Premises Liability Basics
Property owners — homeowners, landlords, businesses, and government entities — owe varying duties to visitors. Customers and other invitees are owed the highest duty: reasonable inspection and repair, plus warning of known hazards. Social guests (licensees) are owed warning of known hazards. Trespassers are usually owed only the duty not to cause intentional harm.
Not every fall produces a claim. The fact that you fell does not mean the property owner did anything wrong. You must prove the owner knew (or should have known) about a dangerous condition and failed to fix it or warn about it.
Notice — The Key Battleground
Most slip-and-fall cases turn on 'notice.' How long had the spilled liquid been on the floor? Was there a leak the manager knew about? Had other people complained? Was the hazard created by the store's own employees, in which case notice is automatic?
Surveillance footage often makes or breaks these cases. Send a written preservation letter to the property owner within days of the incident — most retailers overwrite footage within 30 days.
Comparative Fault
Most states reduce your recovery by your percentage of fault. If a jury finds you 30% at fault for not paying attention, your damages are cut by 30%. A few states bar recovery entirely if you are 50% or more at fault, and a handful still apply the harsh 'contributory negligence' rule that bars any recovery if you bear any fault.

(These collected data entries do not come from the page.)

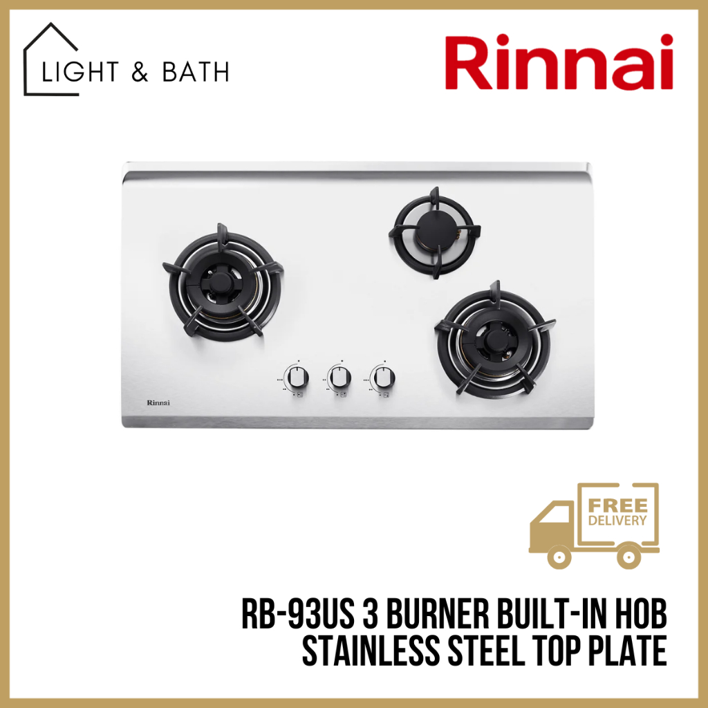 Rinnai RB-93UG/US 3-Hyper Burner Built-in Gas Hob (Glass) Or Stainless Steel Top Plate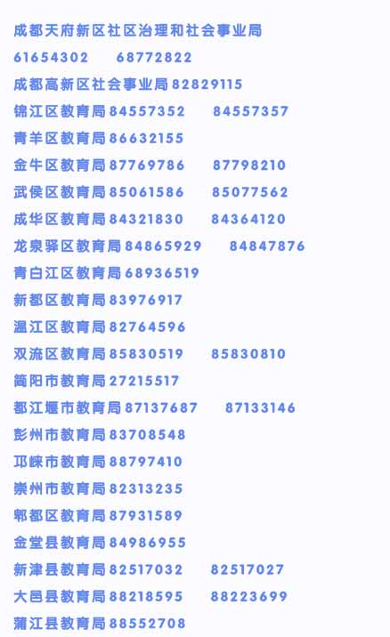 各区(市、县)教育行政部门电话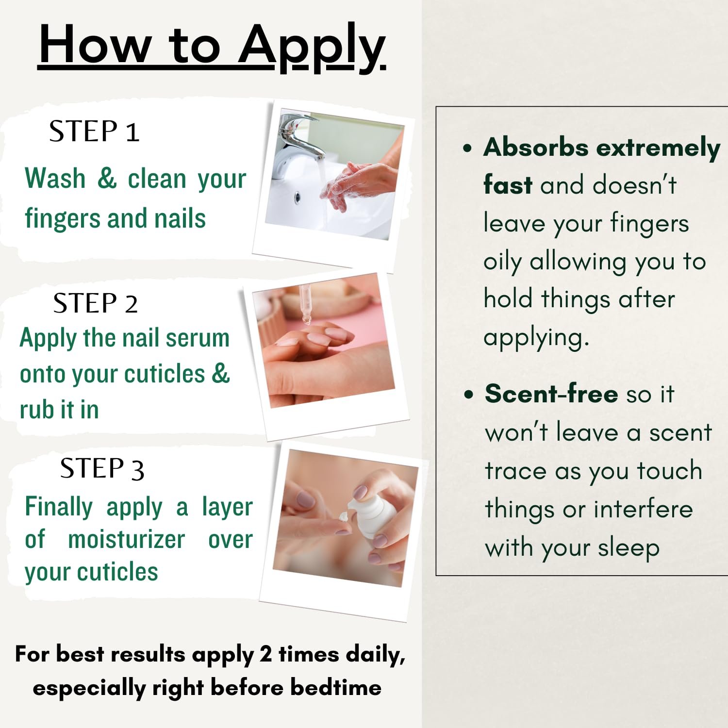 【Perfect Overnight Cuticle & Nail Oil】 – This is because of its rapid absorption and scent-free nature so it won’t mess up your sheets or interfere with your sleep. To use just rub the serum into your cuticle and then apply a moisturizer over them, right before going to bed.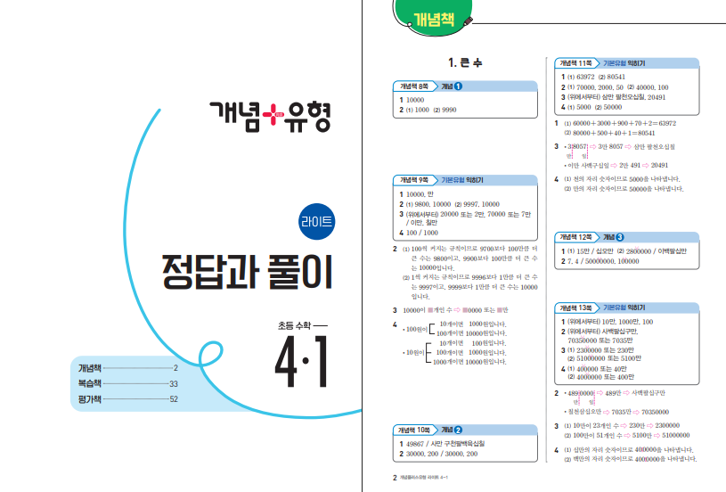 개념플러스유형 라이트 초등수학 4-1 답지 (2026)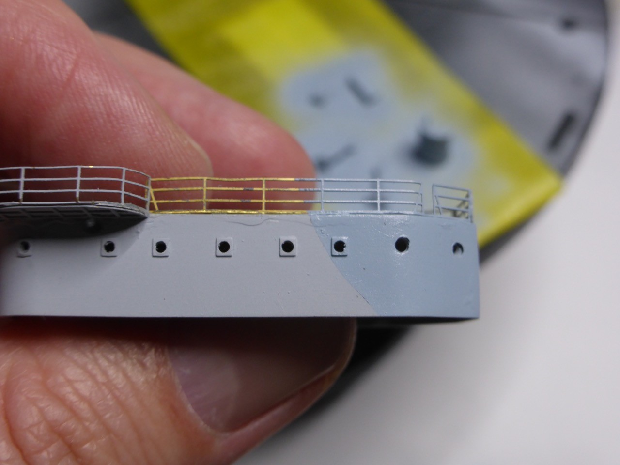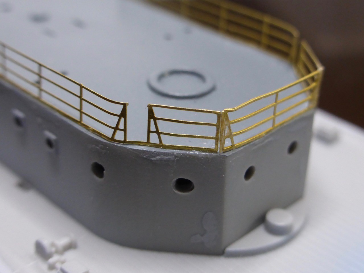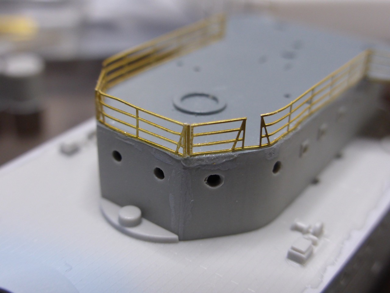 Now I was just about to install all the remaining ladders, the 282 YAGI's, the Oerlikons etc on the bridge when, luckily, a thought stopped me - where do the ladders go to not interfere with the railings?? On that thought, I had a closer look at what railing need to be installed and were, and it was clear that some of the railings need to be installed before all the fragile small stuff is added.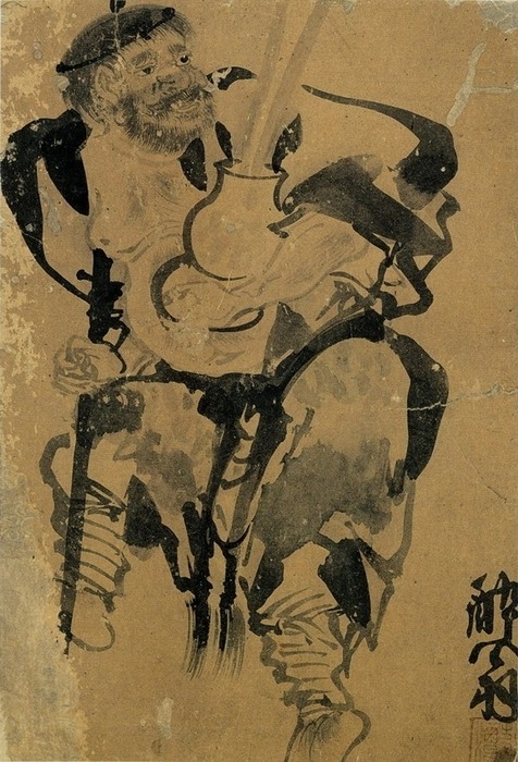 저는 유명한 달마도 뿐 아니라 시모노세키 박물관 소장의 <습득도>와 평양미술관 소장의 <박쥐를 날리는 신선>등의 그림을 보면서 그의 의습선(衣褶線)과 표정, 작품에 퍼져있는 선기 등이 결코 조선 최고의 화가인 김홍도에 비해 떨어지지 않다고 생각합니다. 특히 저 빠른 속필로 그려진 의습선을 보면 과연 신필로 불릴 자격이 충분하다고 생각됩니다.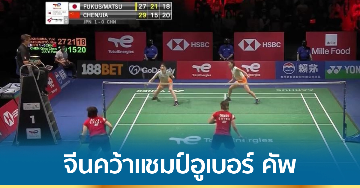 แบดมินตันประเภททีมชิงแชมป์โลก “โธมัส-อูเบอร์ คัพ 2020” ที่ประเทศเดนมาร์ก ประเภททีมหญิง รอบชิงชนะเลิศ ระหว่างทีมชาติจีน พบกับ ญี่ปุ่น หญิงเดี่ยวมือ 1 เฉิน ยู่เฟย เจ้าของแชมป์โอลิมปิก มือ 2 ของโลกจากจีน พลาดท่าพ่ายให้กับ อากาเนะ ยามากูชิ มือ 5 ของโลก 0-2 เกม 18-21 และ 10-21 ทำให้ญี่ปุ่นนำก่อน 1-0 คู่ แต่อีก 3 คู่ต่อมาเป็นสาวจีนที่เป็นฝ่ายเก็บชัยชนะได้ทั้งหมด ทำให้ทีมชาติจีนเอาชนะญี่ปุ่น 3-1 คู่ คว้าแชมป์ไปครอง ส่วนญี่ปุ่นได้รองแชมป์ ขณะที่ทีมชาติไทย กับเกาหลีใต้ ครองอันดับ 3 ร่วมกัน

Insurance defense lawyers vigorously argue that the hazard was 'open and obvious' and that you should have seen it. Photos, weather data, and witness statements can rebut this argument.
What to Do Immediately
Report the fall to the property manager and ask for a written incident report. Photograph the hazard before it is cleaned up. Get witness names. Seek medical care the same day. Save the shoes and clothes you were wearing — they may be evidence.